#### Task requirements
Everything in the records below should be printed exactly, except the pictures.

#### Information

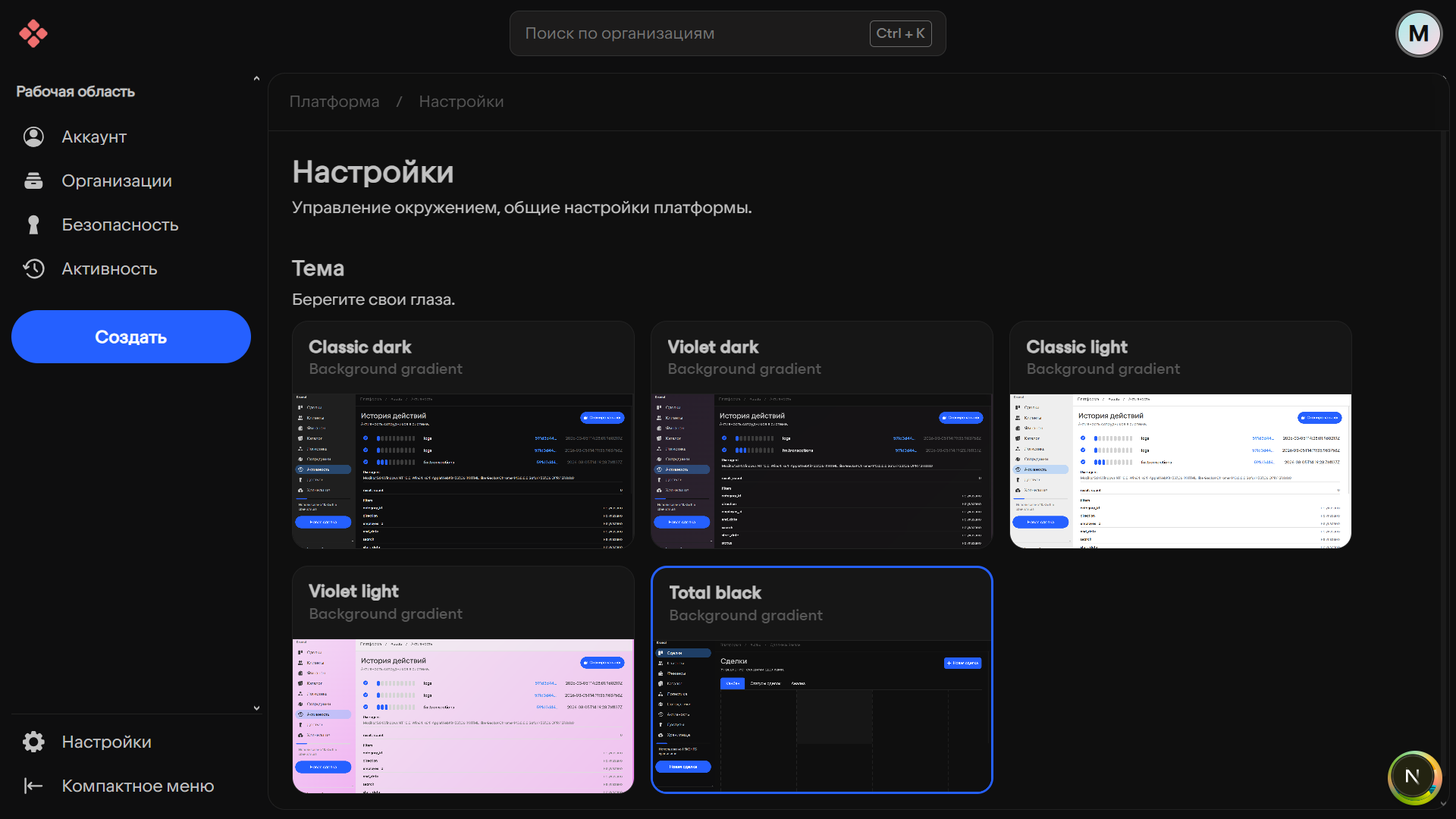 Используйте сочетание клавиш Ctrl+K (английская раскладка) для быстрого перемещения между пространствами учётных систем и доступа к наиболее используемым действиям.
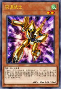 ①:自己的「战士」同调怪兽和对方怪兽进行战斗的伤害计算时,把这张卡从手卡送去墓地才能发动。那只进行战斗的自己怪兽的攻击力只在那次伤害计算时变成2倍。
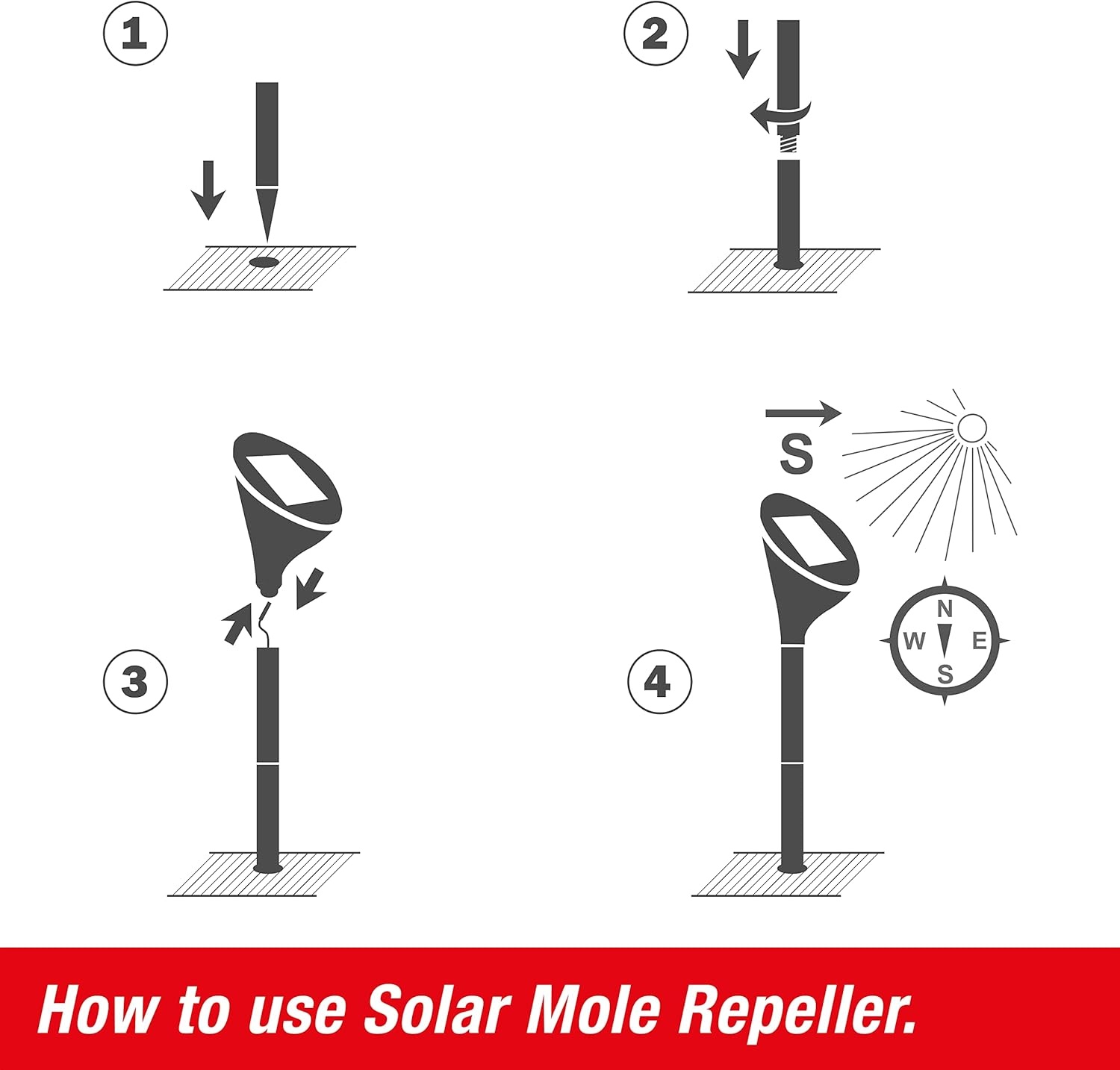Onder ideale omstandigheden is deze solar mollenverdrijver een effectieve oplossing tegen mollen en woelmuizen, zonder dodelijke vallen of gif. De prestaties zijn het best in stevige, vaste grond waar geluidsgolven en trillingen zich goed kunnen verspreiden. Losse, doorweekte of bevroren aarde vermindert de werking. Let op: bij mollen met gehoorproblemen kan het effect beperkt zijn.
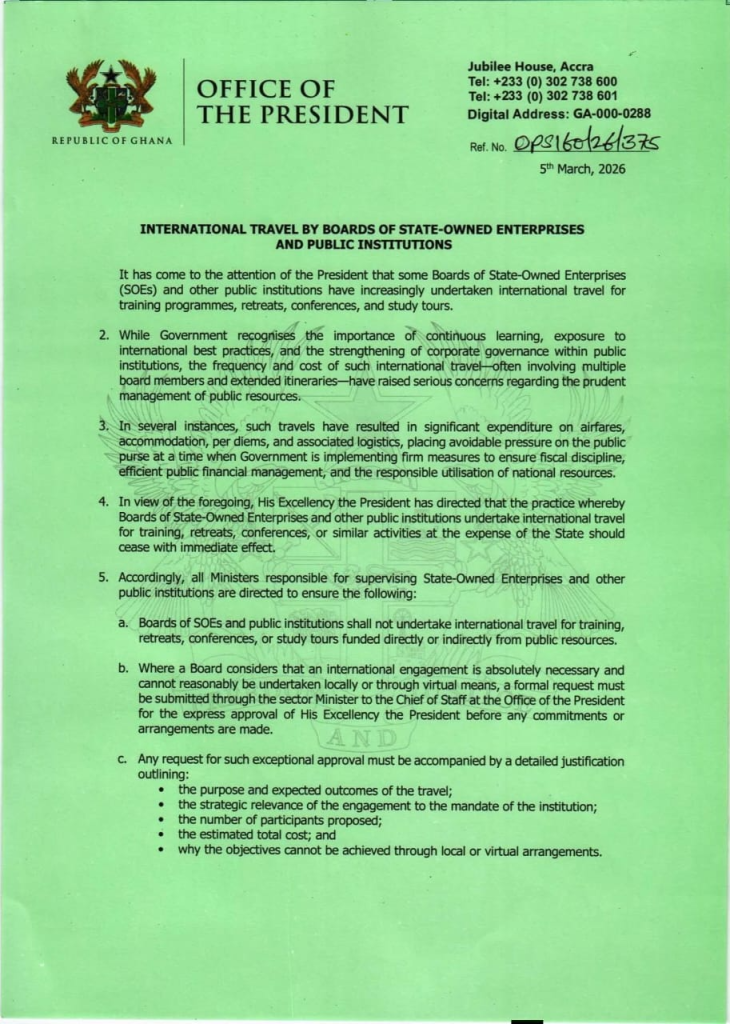 The directive, issued from the Jubilee House on March 5 and signed by Secretary to the President Callistus Mahama, follows what the presidency described as a troubling pattern of overseas travel by board members that had placed significant strain on the public purse. The instruction applies to all state-owned enterprises and public institutions, bringing an abrupt halt to a practice the government said had grown both in frequency and expense.
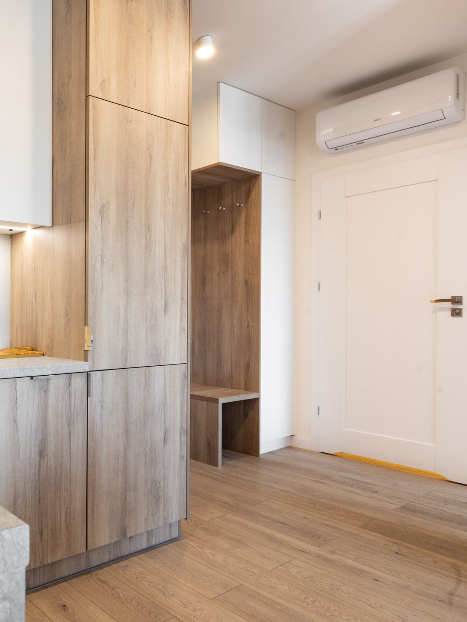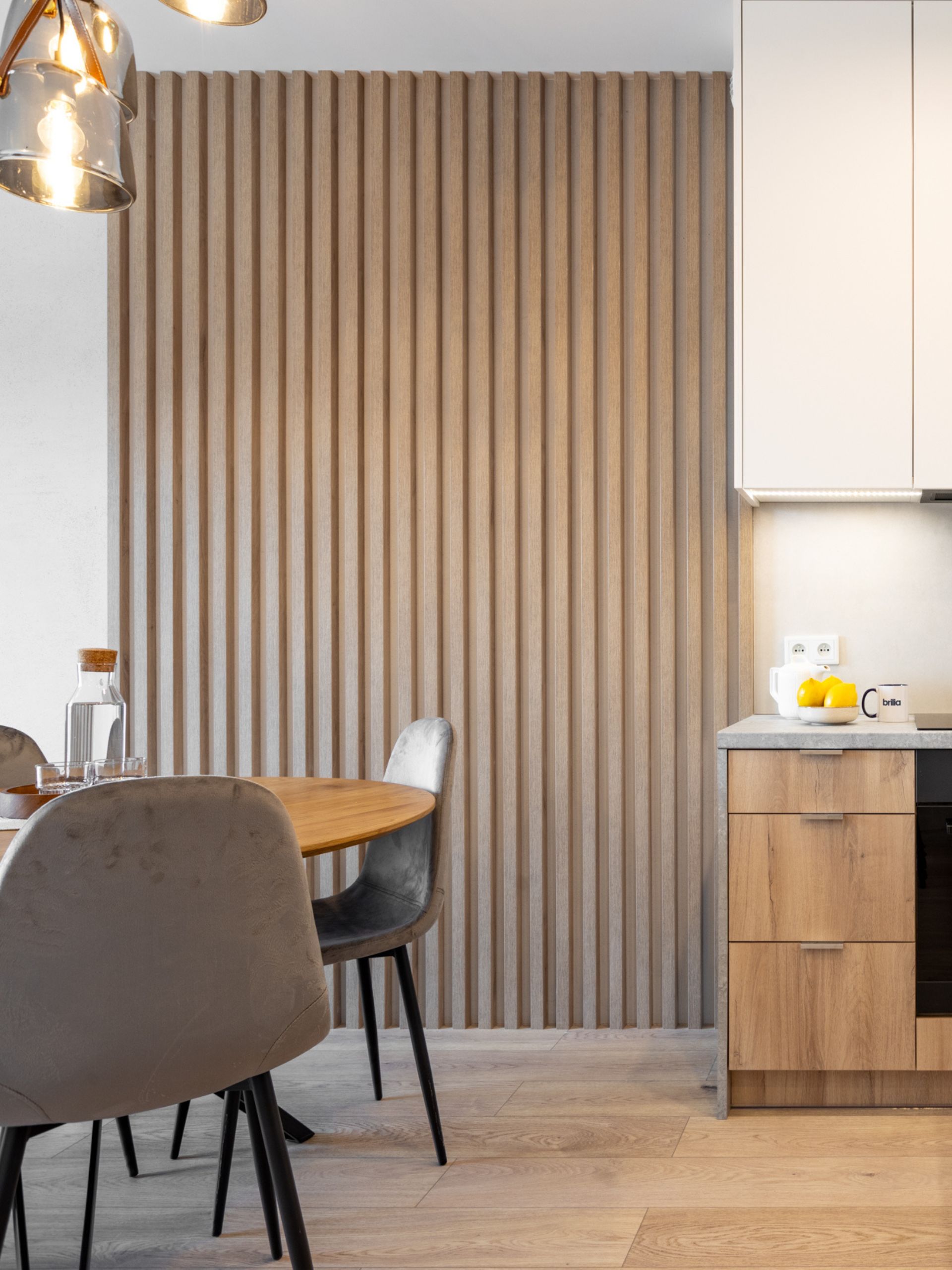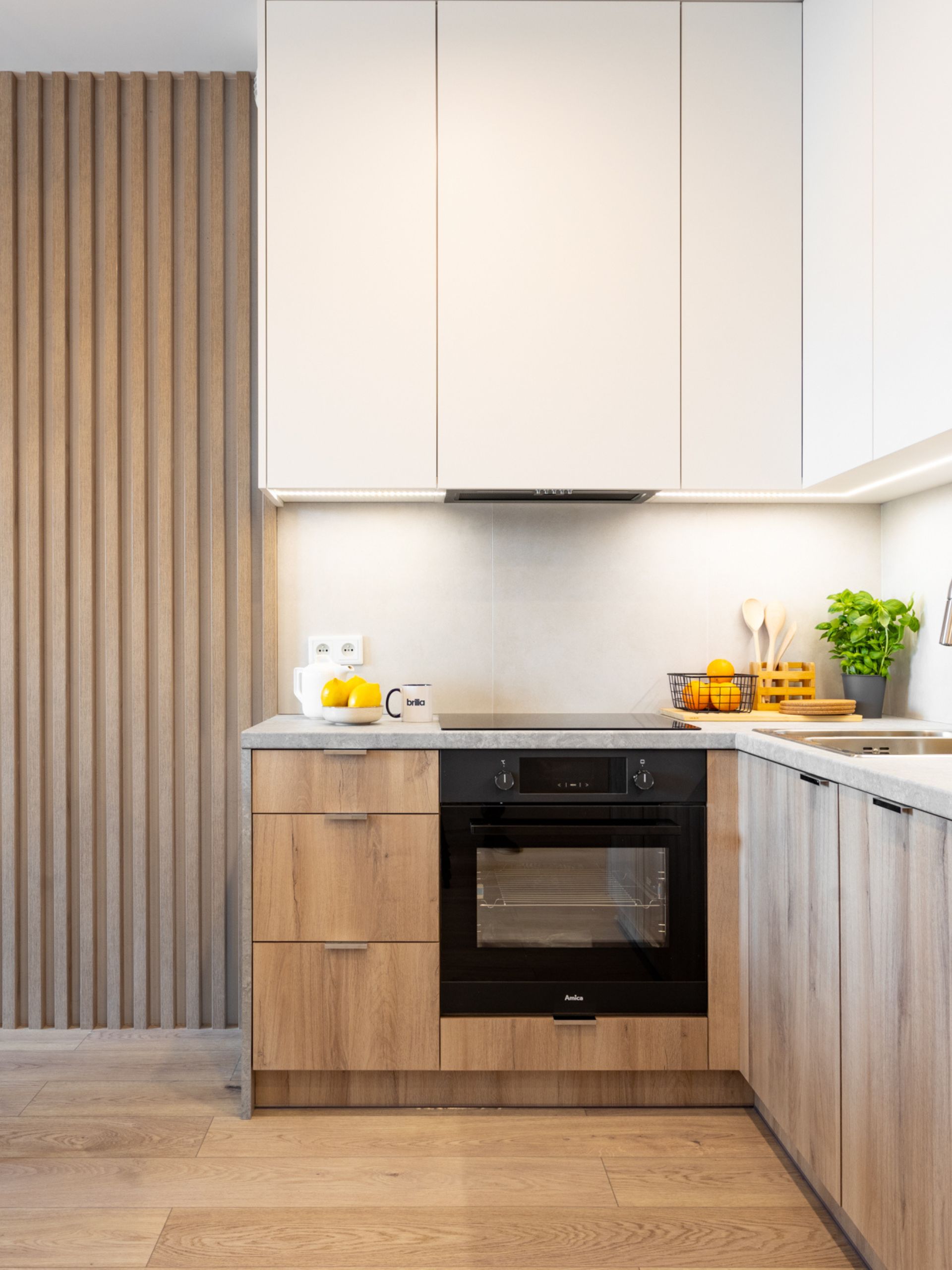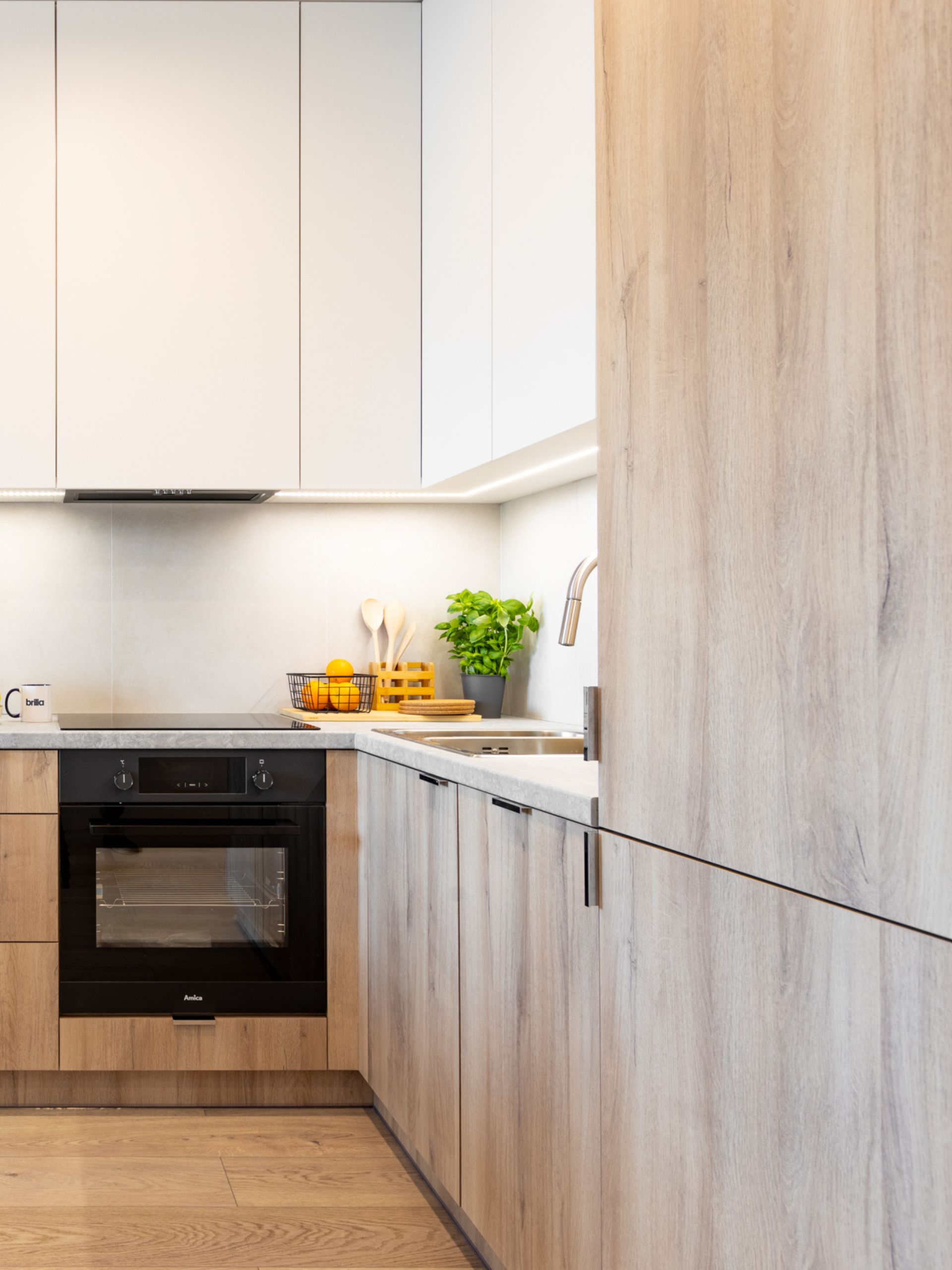 W części kuchennej dominują ciepłe odcienie drewna, które współgrają z białymi, minimalistycznymi frontami górnych szafek. Prosta forma mebli została uzupełniona o blat z imitacji kamienia oraz oświetlenie LED pod szafkami, które poprawia komfort pracy i tworzy przytulny klimat.
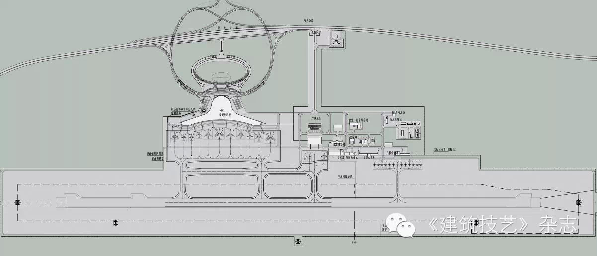 航站樓前的交通組織平臺15000 ㎡。

#### Answer below
 Используйте сочетание клавиш Ctrl+K (английская раскладка) для быстрого перемещения между пространствами учётных систем и доступа к наиболее используемым действиям.
 ①:自己的「战士」同调怪兽和对方怪兽进行战斗的伤害计算时,把这张卡从手卡送去墓地才能发动。那只进行战斗的自己怪兽的攻击力只在那次伤害计算时变成2倍。
Onder ideale omstandigheden is deze solar mollenverdrijver een effectieve oplossing tegen mollen en woelmuizen, zonder dodelijke vallen of gif. De prestaties zijn het best in stevige, vaste grond waar geluidsgolven en trillingen zich goed kunnen verspreiden. Losse, doorweekte of bevroren aarde vermindert de werking. Let op: bij mollen met gehoorproblemen kan het effect beperkt zijn.
 The directive, issued from the Jubilee House on March 5 and signed by Secretary to the President Callistus Mahama, follows what the presidency described as a troubling pattern of overseas travel by board members that had placed significant strain on the public purse. The instruction applies to all state-owned enterprises and public institutions, bringing an abrupt halt to a practice the government said had grown both in frequency and expense.
 W części kuchennej dominują ciepłe odcienie drewna, które współgrają z białymi, minimalistycznymi frontami górnych szafek. Prosta forma mebli została uzupełniona o blat z imitacji kamienia oraz oświetlenie LED pod szafkami, które poprawia komfort pracy i tworzy przytulny klimat.
 航站樓前的交通組織平臺15000 ㎡。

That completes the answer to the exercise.